Evaluating a product $\prod_{n=0}^{100}\left(1+\dfrac{1}{a^{2^n}}\right)$

Question

How would you evaluate this product? $$\displaystyle \prod_{n=0}^{100}\left(1+\dfrac{1}{a^{2^n}}\right)$$ I know one way in which multiplying the product by $\left(1-\dfrac{1}{a}\right)$ does the job but I was looking for a more formal approach.

Answer 1

If you want to keep the product sign: $$\begin{align}\left(1-\frac1a\right)\prod_{n=0}^{100}\left(1+\frac1{a^{2^n}}\right)&=\left(1-\frac1{a^2}\right)\prod_{n=1}^{100}\left(1+\frac1{a^{2^n}}\right)\\&=\left(1-\frac1{a^{2^2}}\right)\prod_{n=2}^{100}\left(1+\frac1{a^{2^n}}\right)\\&=\cdots\\&=\left(1-\frac1{a^{2^{100}}}\right)\prod_{n=100}^{100}\left(1+\frac1{a^{2^n}}\right)\\&=\left(1-\frac1{a^{2^{100}}}\right)\left(1+\frac1{a^{2^{100}}}\right)=1-\frac1{a^{2^{101}}}\end{align}$$

Answer 2

$$1 + {a^{-2^n}} = \frac{1 - a^{-2^{n+1}}}{1 - a^{-2^n}}$$ So we have a telescoping product $$ \prod_{n=0}^N \left(1 + a^{-2^n}\right) = \frac{1-a^{-2^{N+1}}}{1-a^{-1}}$$

Answer 3

Isn't there a nice way to do this keeping the Pi sign?

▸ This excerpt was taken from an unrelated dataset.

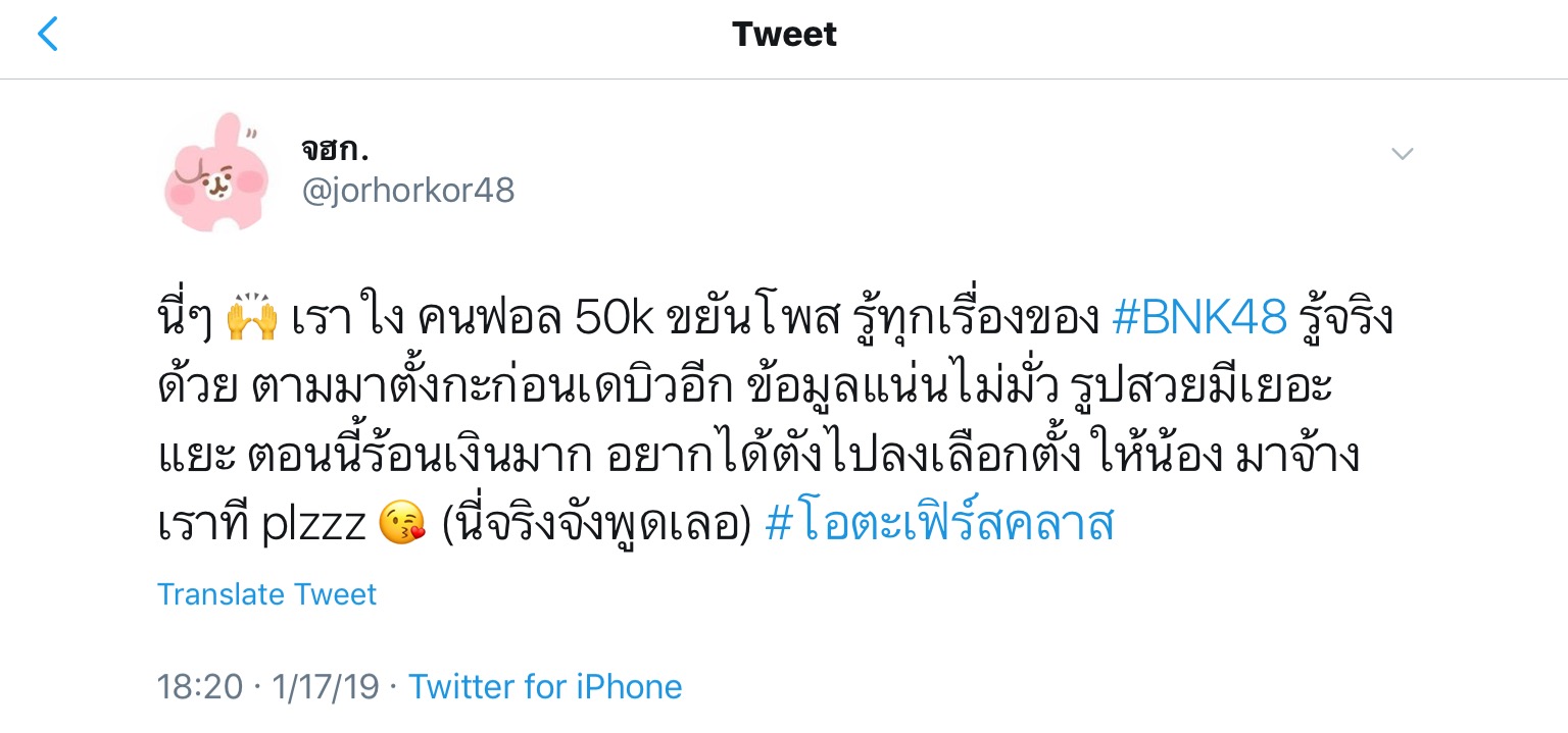 เมื่อวานนี้ (17 มกราคม 2019) ได้มีประเด็นหนึ่งที่ถูกพูดถึงในโซเชียลมีเดีย นั่นคือประเด็นบรรดาเซเลบในทวิตเตอร์ จู่ๆ ก็ลุกขึ้นมาโพสต์ถึงวงไอดอล BNK48 พร้อมกับแฮชแท็ก #โอตะเฟิร์สคลาส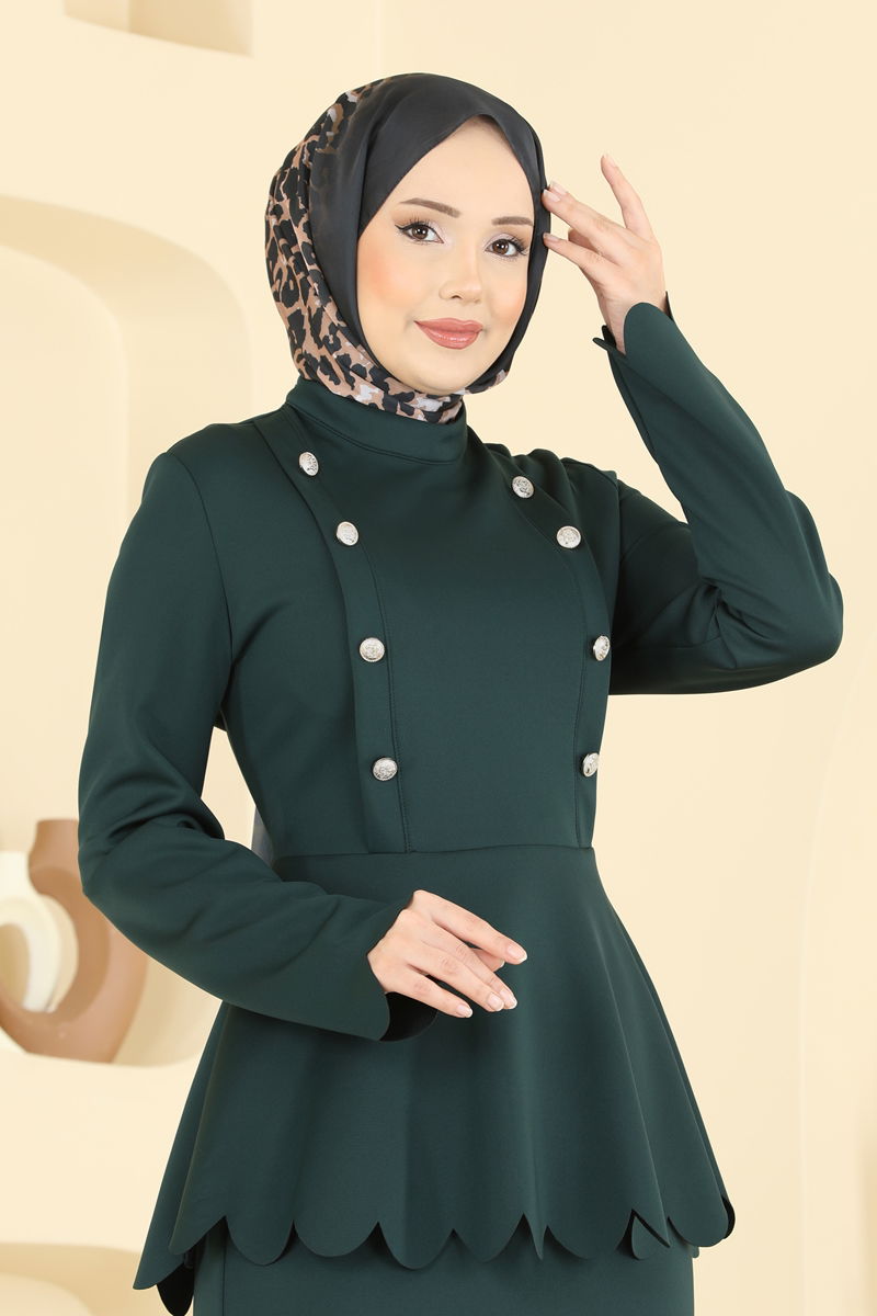 Elevate your style with the Gold Buttoned Scuba Suit! Ideal for all-season wear, this hijab suit combines the soft and stretchy fabric of scuba material with day-long comfort. It features an elegant semi-standing collar and a convenient concealed zipper at the back. The stitched waist design on the tunic and an elastic waist on the skirt ensure a contemporary look, while the decorative buttons add a sophisticated touch. It's washable at 30 degrees on a gentle cycle, ensuring durability. A must-have in every fashion-conscious woman's wardrobe, this suit is perfect for both everyday wear and special occasions!

Let $\,b = \dfrac{1}{a}\,$, then using the algebraic identity $\,1+b^{2^k}=\dfrac{1-b^{2^{k+1}}}{1-b^{2^k}}\,$:

$$\require{cancel} \prod_{n=0}^{100}\left(1+b^{2^n}\right) = \prod_{n=0}^{100} \frac{1-b^{2^{n+1}}}{1-b^{2^n}} = \frac{\prod_{\color{blue}{n=0}}^{\color{blue}{100}} \left(1-b^{2^{\color{blue}{n+1}}}\right)}{\prod_{n=0}^{100} \left(1-b^{2^{n}}\right)}=\frac{\prod_{\color{red}{n=1}}^{\color{red}{101}} \left(1-b^{2^{\color{red}{n}}}\right)}{\prod_{n=0}^{100} \left(1-b^{2^{n}}\right)} \\[10px] =\frac{\left(1-b^{2^{101}}\right) \cdot \bcancel{\prod_{n=1}^{100} \left(1-b^{2^{n}}\right)}}{\left(1-b^{2^{0}}\right) \cdot \bcancel{\prod_{n=1}^{100} \left(1-b^{2^{n}}\right)}} = \ldots $$

Answer 4

An interesting way to look at this product is by realizing that it is tied to the binary representation of the integers spanning from $0$ to $2^{N+1}-1$.

In fact, since $(1+x)(1+y)=1+x+y+xy$, then it is easy to deduct that $${\prod _{n=0}^N \left(1+x^{2^n}\right)}={\sum_{0 \le k \le 2^{N+1}-1}x^k}$$ i.e., where $k$ spans all the integers representable by $N$ bits.